### Task item:
In the entries below, begin at the line that has "BeritaNasional.ID, BONDOWOSO JATIM", stop after the line that has "Results (Figure 4)", and output those lines exactly with no pictures.

### The records:
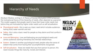 1) Maslow's hierarchy of needs proposes that people must have their basic physiological and safety needs met before pursuing higher needs like belonging, esteem, and self-actualization. Early media theories viewed audiences as passive and easily influenced.
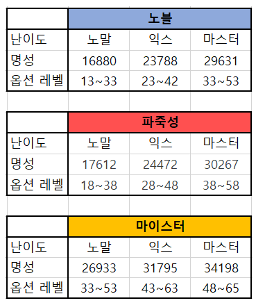 입장 명성컷은 노말이 26,933, 익스퍼트가 31.795, 마스터가 34,198로 상당히 높은 수준의 명성을 요구합니다. 이와 더불어 개발자 코멘트에 의하면 기존 상급던전들은 입장 가능 명성치가 되면 클이어에 무리없이 진행이 가능하도록 설계되었던 반면, 마이스터의 실험실부터 앞으로 업데이트 될 상급던전들은 도전 및 클리어하고싶은 콘텐츠가 되는 것을 목표로 하고 있다고 합니다. 그렇기 때문에 기존 상급 던전들보다 더 높은 난이도가 요구될 것이라 판단됩니다.
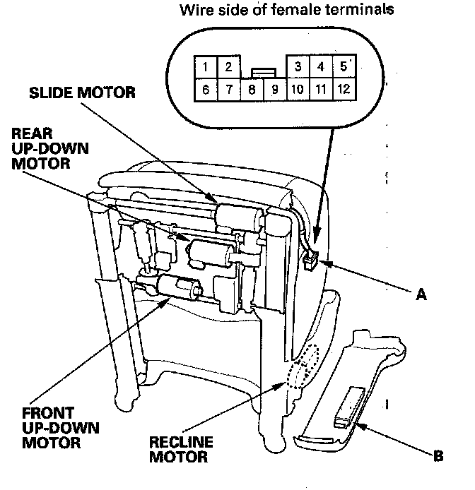 2. Disconnect the 5P connector (A) from the power seat adjustment switch (B).
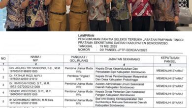 BeritaNasional.ID, BONDOWOSO JATIM – Setelah memenuhi syarat administrasi, 8 orang yang mengikuti seleksi terbuka calon Pimpinan Tinggi Prtama Sekretaris Daerah…
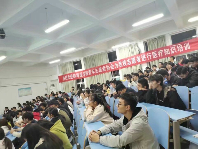 为加强蚌埠学院青年志愿者们的自我安全意识,提高志愿活动中对安全问题的应急处理能力。2019年11月10日晚上19点,由校团委主办,蚌埠学院青年志愿者联合会承办的急救知识培训大会在阶梯教室一举行。培训工作由蚌埠医学院医学专业志愿者完成。校青志联及各二级学院青协共一百余人参加。
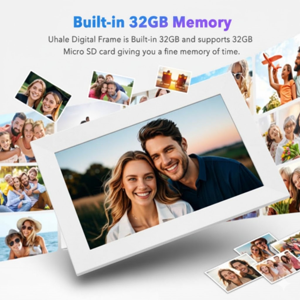 The frame includes 32GB of internal storage, enough for thousands of photos. Need more space? Insert a Micro SD card for additional storage and easy file management.
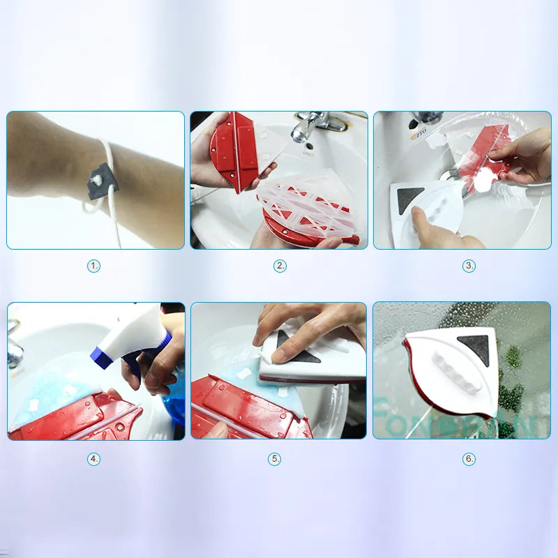 Easily Wipe the Glass:with powerful internal magnets locking the two cleaning sides together.When you move one side, the other one follows. Double side magnetic glass cleaner wiper,easy to clean and use.
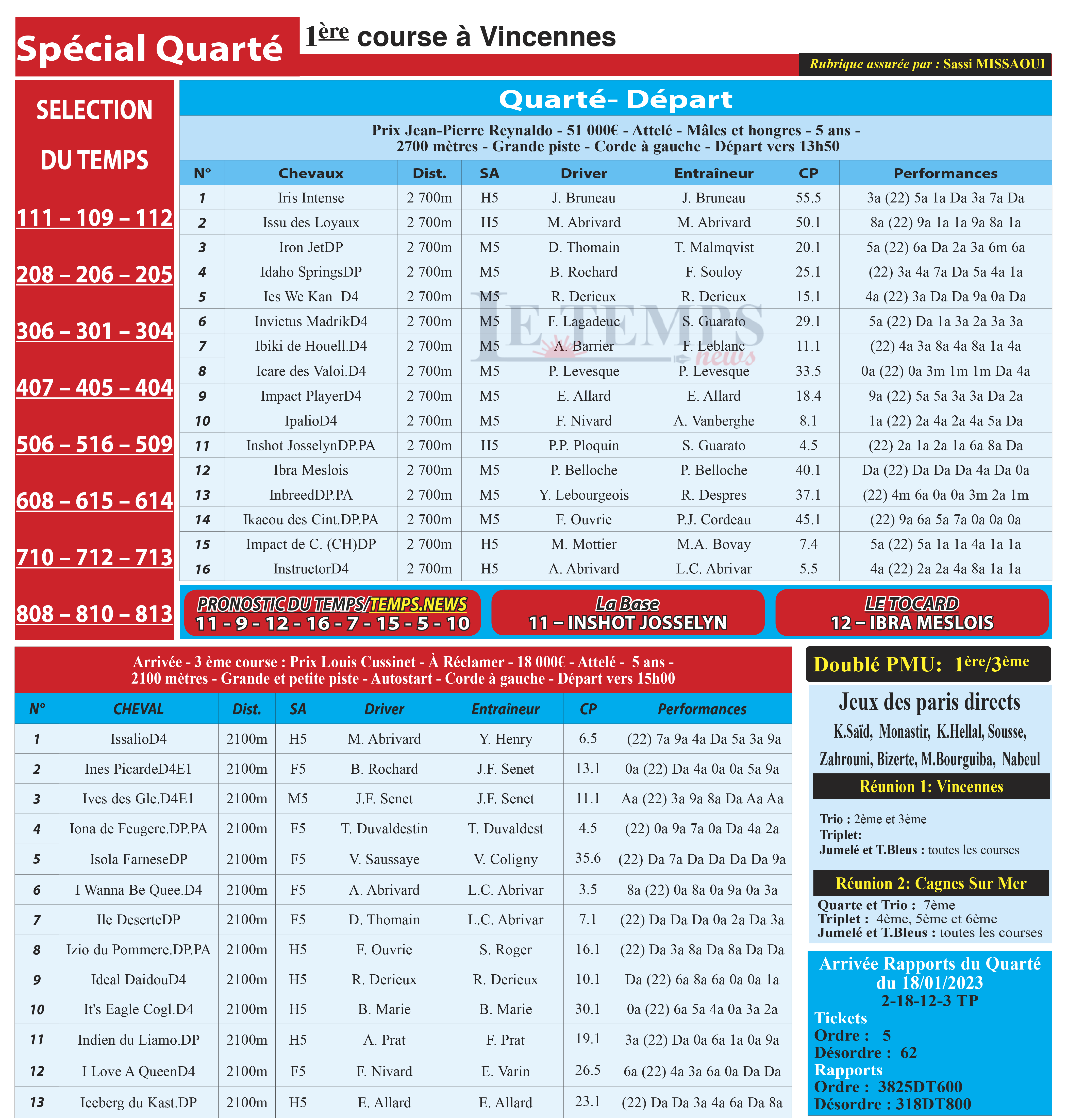 Notre spécial Quarté d’aujourd’hui, 1ère course à Vincennes, donne notre pronostic du Temps/ Temps News avec le cheval n°11 Inshot Josselyn étant la base, tandis que le Tocard est le cheval n°12 Ibra Meslois.
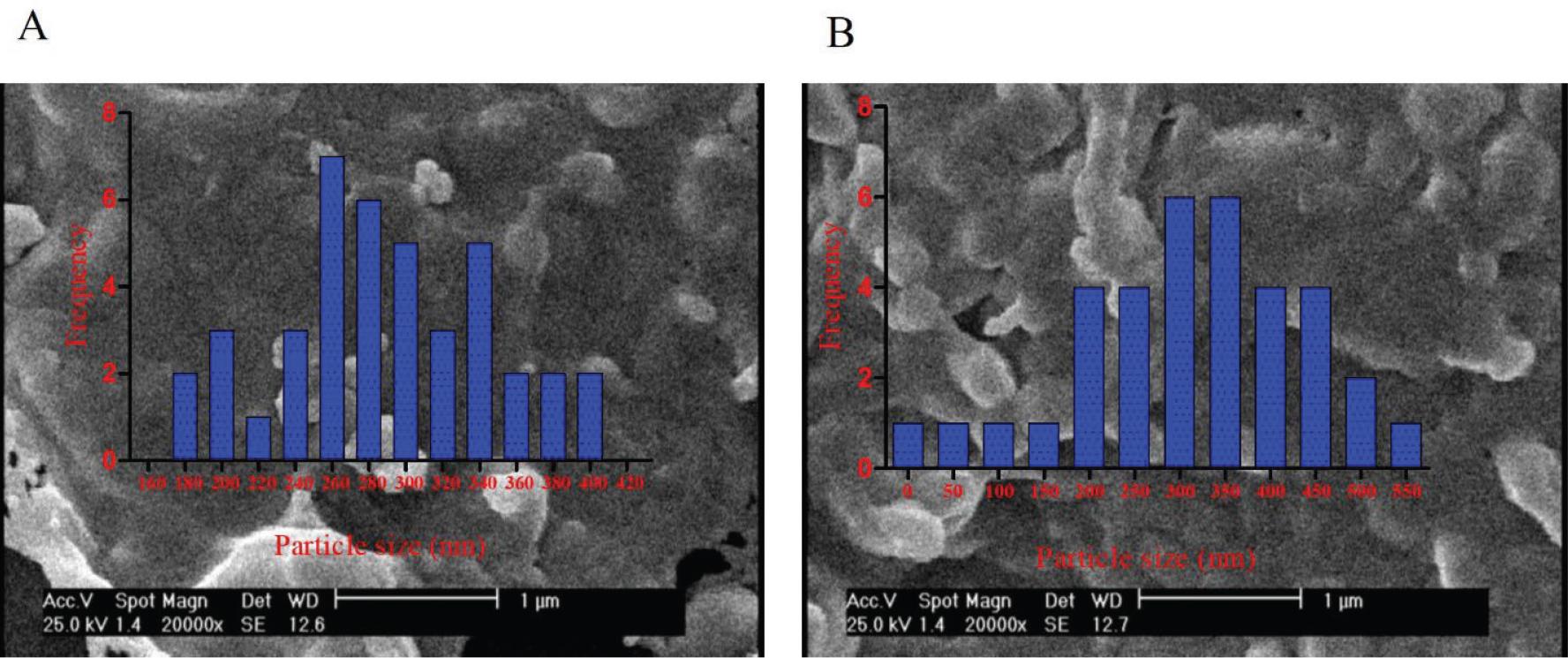 Results (Figure 4) showed that CURCNPs and curcumin-free nanoparticles had round and smooth particles with a wide size distribution. The average size of the CURCNPs and curcumin-free nanoparticles was measured to be 288.55 ± 57.04 nm and 310.001 ± 125.56 nm, respectively.
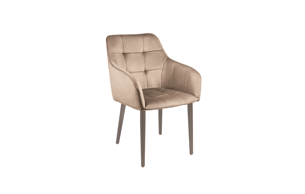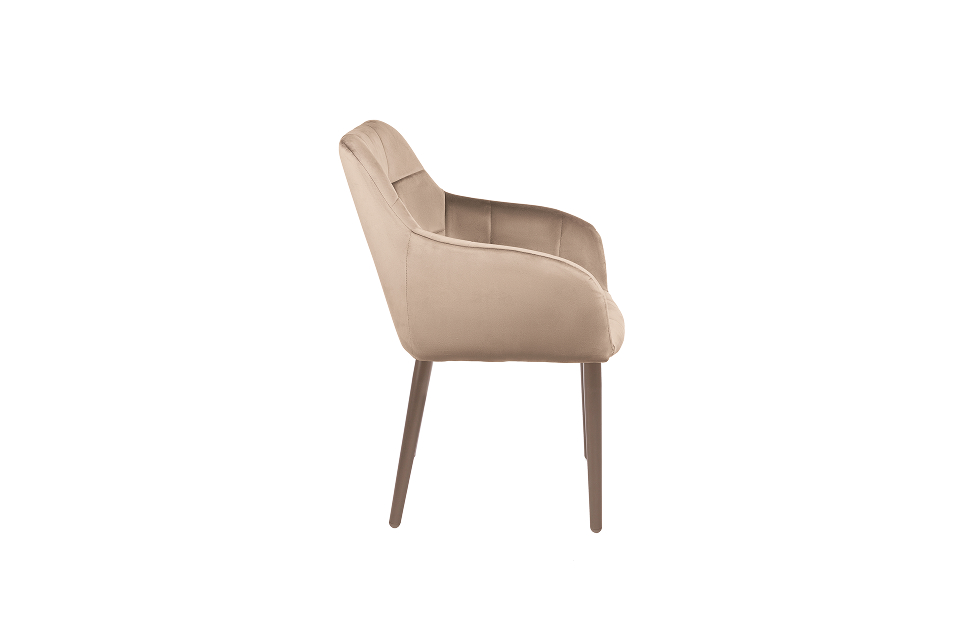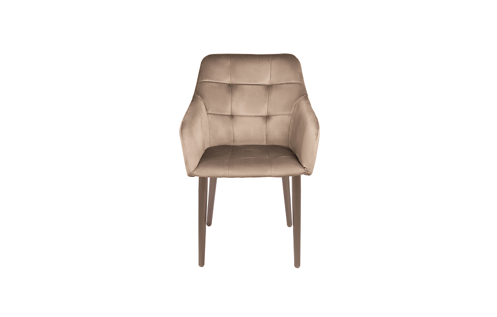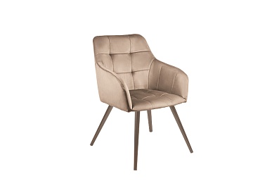 Стул-кресло Отэм прекрасно впишется в любой интерьер и комнату. Такой стул можно использовать как в качестве обеденного стула, так и в виде рабочего кресла к письменному столу. Обивка из велюра в актуальном бежевом оттенке прекрасно гармонирует с металлическими ножками цвета капучино. Такие стулья украсят современные интерьеры, а также пространства в стиле эклектики.

### Your solution:
 BeritaNasional.ID, BONDOWOSO JATIM – Setelah memenuhi syarat administrasi, 8 orang yang mengikuti seleksi terbuka calon Pimpinan Tinggi Prtama Sekretaris Daerah…
 为加强蚌埠学院青年志愿者们的自我安全意识,提高志愿活动中对安全问题的应急处理能力。2019年11月10日晚上19点,由校团委主办,蚌埠学院青年志愿者联合会承办的急救知识培训大会在阶梯教室一举行。培训工作由蚌埠医学院医学专业志愿者完成。校青志联及各二级学院青协共一百余人参加。
 The frame includes 32GB of internal storage, enough for thousands of photos. Need more space? Insert a Micro SD card for additional storage and easy file management.
 Easily Wipe the Glass:with powerful internal magnets locking the two cleaning sides together.When you move one side, the other one follows. Double side magnetic glass cleaner wiper,easy to clean and use.
 Notre spécial Quarté d’aujourd’hui, 1ère course à Vincennes, donne notre pronostic du Temps/ Temps News avec le cheval n°11 Inshot Josselyn étant la base, tandis que le Tocard est le cheval n°12 Ibra Meslois.
 Results (Figure 4) showed that CURCNPs and curcumin-free nanoparticles had round and smooth particles with a wide size distribution. The average size of the CURCNPs and curcumin-free nanoparticles was measured to be 288.55 ± 57.04 nm and 310.001 ± 125.56 nm, respectively.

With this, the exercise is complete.